**Exercise details**
Your answer should be the lines from the one with "Ab einer Bestellmenge" to the end of the data below, both included, exact and free of pictures.

**Supplied information**
════════════════

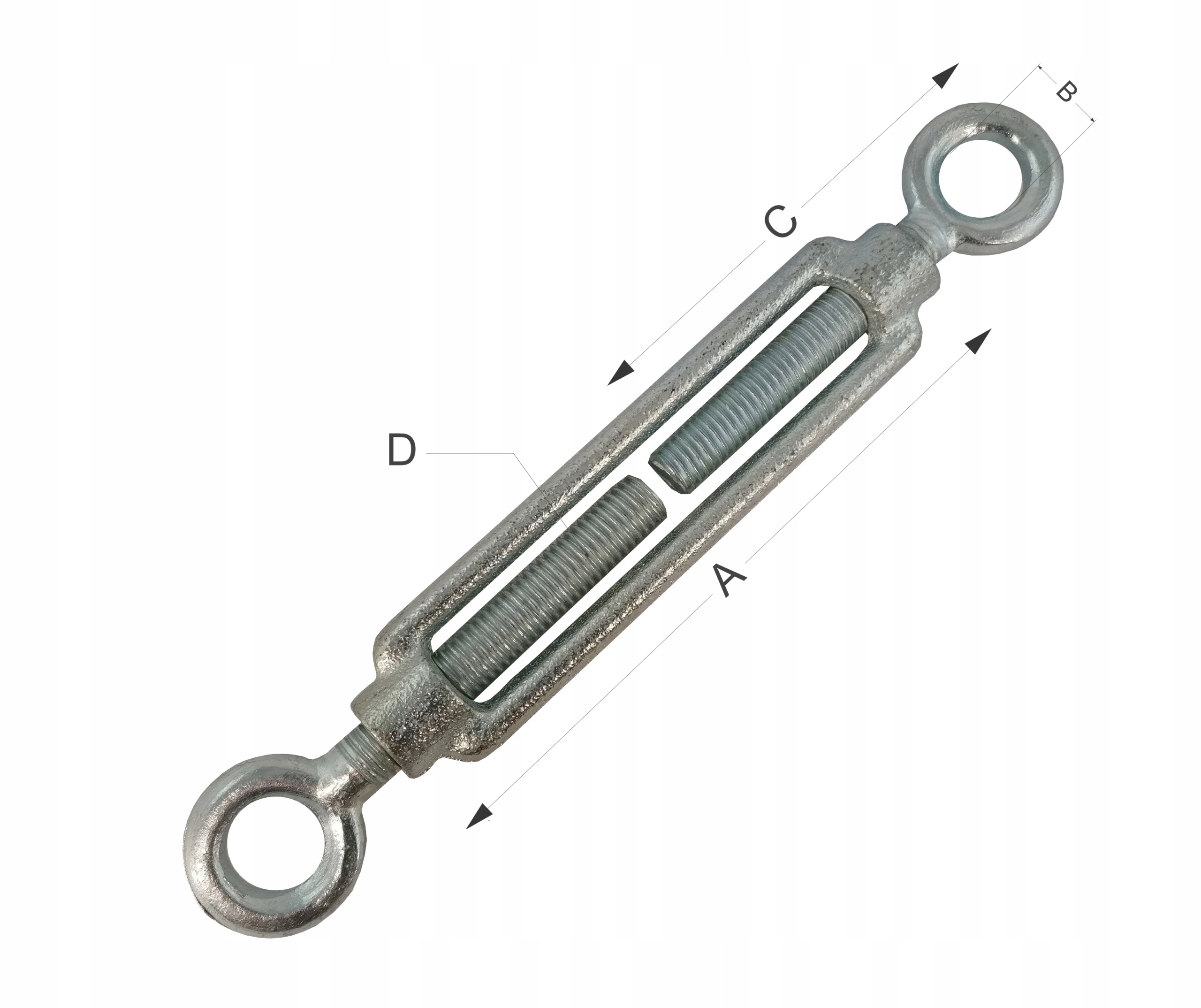 Винт предназначен для натяжения стальных, полипропиленовых канатов и тросов. Веревки протягиваются через крючки, а затем натяжение регулируется путем закручивания противоположных винтов на нужную длину. Веревки можно дополнительно закрепить от скольжения с помощью хомутов и прикрепить к другим деталям конструкции с помощью карабинов или звеньев.
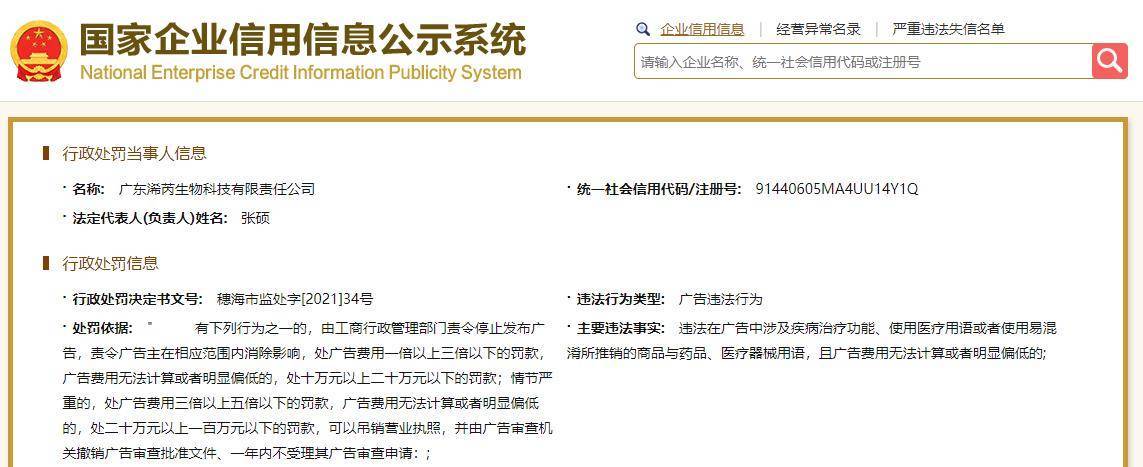广东浠芮生物科技公司广告违法被罚 为“燕教授”运营方
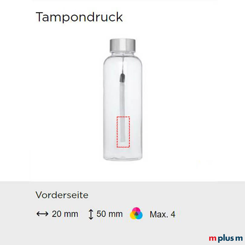 Ab einer Bestellmenge von 100 Stück können Sie die Sportflasche mit Ihrem Logo oder Motiv bedrucken lassen. Durch das Bedrucken der Trinkflasche lässt sich einfach ein individueller, nachhaltiger Werbeartikel produzieren.
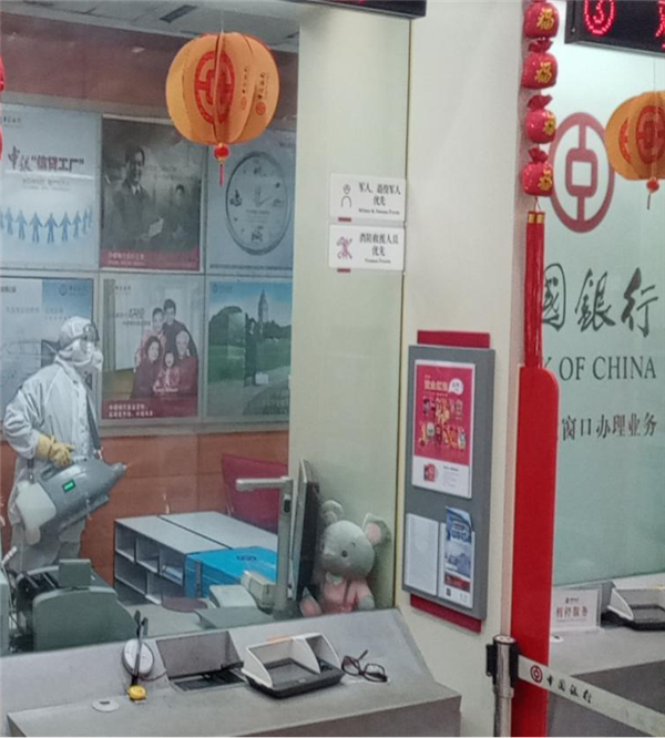 中國銀行實施消毒服務(wù),防控新冠疫情??辈炖鲜蟪鰶]區(qū)域,實施有效防治施工現(xiàn)場

════════════════

**Response**
 Ab einer Bestellmenge von 100 Stück können Sie die Sportflasche mit Ihrem Logo oder Motiv bedrucken lassen. Durch das Bedrucken der Trinkflasche lässt sich einfach ein individueller, nachhaltiger Werbeartikel produzieren.
 中國銀行實施消毒服務(wù),防控新冠疫情??辈炖鲜蟪鰶]區(qū)域,實施有效防治施工現(xiàn)場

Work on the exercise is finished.